_THE TASK_:
Could you set down exactly the lines of the data below, starting at the one that holds "Παραδοσιακή ορχήστρα ( δεκαετίας '40 - '50 )" and ending at the one that holds "Μόλις σουρούπωνε άρχιζαν", both included, and only those?

_DATA EXCERPTS_:
============================================================
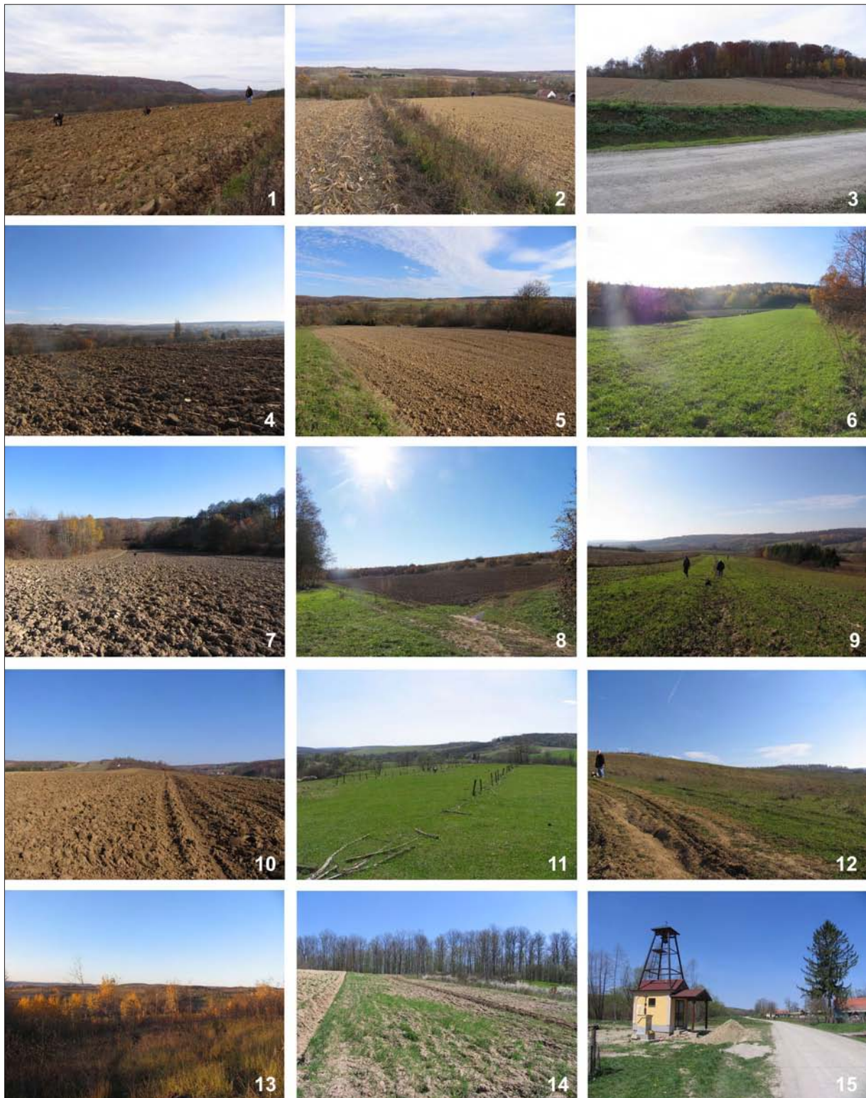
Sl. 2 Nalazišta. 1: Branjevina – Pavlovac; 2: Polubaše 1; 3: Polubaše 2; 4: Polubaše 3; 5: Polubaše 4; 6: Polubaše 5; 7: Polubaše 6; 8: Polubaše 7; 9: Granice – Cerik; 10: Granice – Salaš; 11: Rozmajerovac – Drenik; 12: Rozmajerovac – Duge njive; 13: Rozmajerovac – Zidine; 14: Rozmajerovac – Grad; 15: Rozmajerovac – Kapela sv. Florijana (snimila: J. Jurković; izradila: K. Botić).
============================================================
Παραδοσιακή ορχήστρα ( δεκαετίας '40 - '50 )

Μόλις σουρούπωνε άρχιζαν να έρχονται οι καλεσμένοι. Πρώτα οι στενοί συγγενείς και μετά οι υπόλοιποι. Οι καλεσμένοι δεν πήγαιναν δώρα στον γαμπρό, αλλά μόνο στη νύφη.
============================================================
_OUTPUT_:
Παραδοσιακή ορχήστρα ( δεκαετίας '40 - '50 )

Μόλις σουρούπωνε άρχιζαν να έρχονται οι καλεσμένοι. Πρώτα οι στενοί συγγενείς και μετά οι υπόλοιποι. Οι καλεσμένοι δεν πήγαιναν δώρα στον γαμπρό, αλλά μόνο στη νύφη.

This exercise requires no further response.